## Input

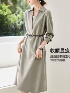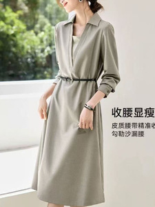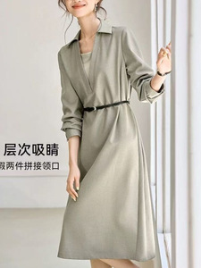 静奢老钱风高级感假两件连衣裙2025秋季新款韩版通勤收腰显瘦裙子
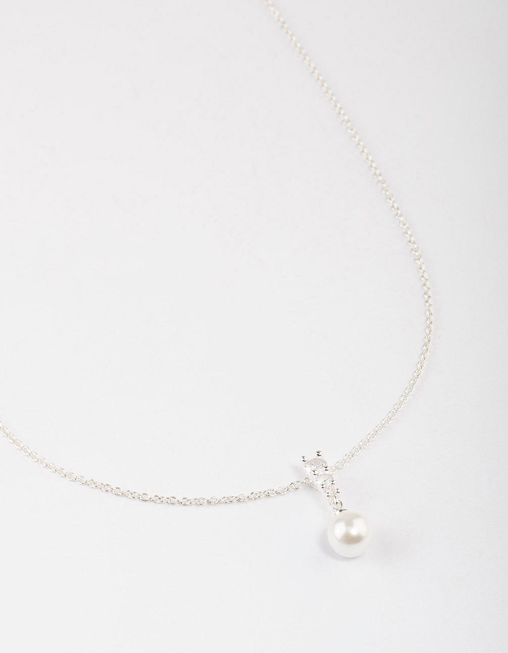 Silver Plated Cubic Zirconia Freshwater Pearl Pendant Necklace
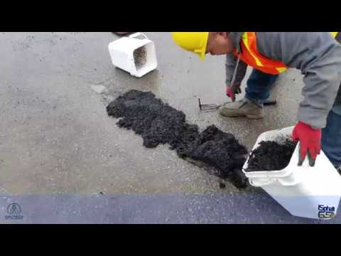Patched a pothole in winter directly in water, 4 months later, toughness and strength test by pounding a 4 pounds mass on the conventional asphalt and on the iSphalt 6.5 patch several times. Colmaté un nid-de-poule en hiver directement dans l'eau, 4 mois plus tard, PAVTECH a effectué un test de dureté et de résistance en utilisant une masse de 4 livres, des coups de masse ont été donnés sur l'asphalte conventionnel et sur la réparation de iSphalt 6.5.
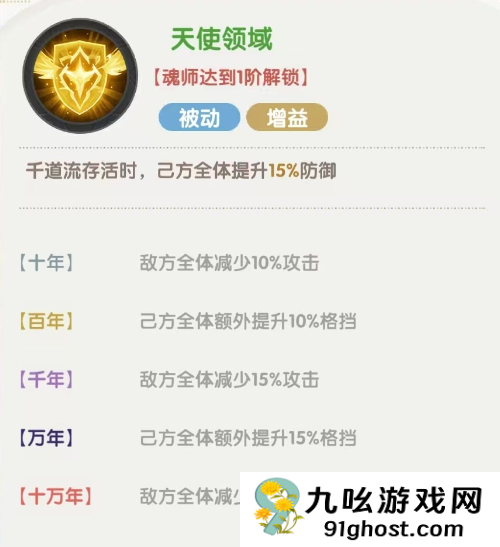 第1个被动天使领域,只要千道流存活,己方全体就能够获得高额属性加成,包括防御加成,减少敌方全体攻击力,增加全体格挡等。这个被动是千道流的核心被动,对于整个团队都是有效的加成,削弱对方攻击增加了己方防御,让后排可以更好地输出。
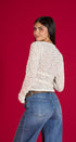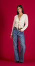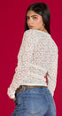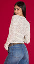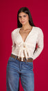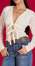 Top color Ivory, tela de encaje, manga larga, aberturas en el frente, corte a las caderas, con forro por dentro para mejor Seguridad, ideal para un Look moderno y casual
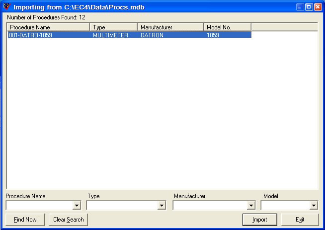 When there are a large number of procedures in the database, the search facility may be used to aid selection. Selection by Procedure Name, Instrument Type, Manufacturer and Model is supported. Drop-Down lists for each give the user a choice from alphabetic listings compiled from the information already in the database.
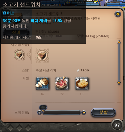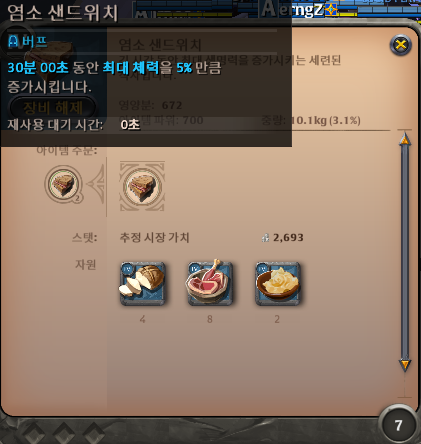 음식은 체력을 올려주는 샌드위치를 구매하자
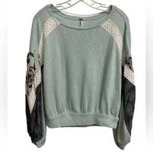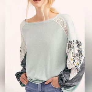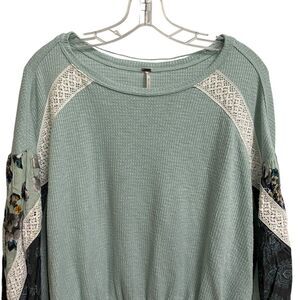Free People "Casual Clash" Top Sweater Women's Size XS Light Green Mixed Media

## Work instructions
Beginning with the line that contains "Top color Ivory, tela", write out every line through the last one in the records, exactly and without pictures.

## Response
 Top color Ivory, tela de encaje, manga larga, aberturas en el frente, corte a las caderas, con forro por dentro para mejor Seguridad, ideal para un Look moderno y casual
 When there are a large number of procedures in the database, the search facility may be used to aid selection. Selection by Procedure Name, Instrument Type, Manufacturer and Model is supported. Drop-Down lists for each give the user a choice from alphabetic listings compiled from the information already in the database.
 음식은 체력을 올려주는 샌드위치를 구매하자
Free People "Casual Clash" Top Sweater Women's Size XS Light Green Mixed Media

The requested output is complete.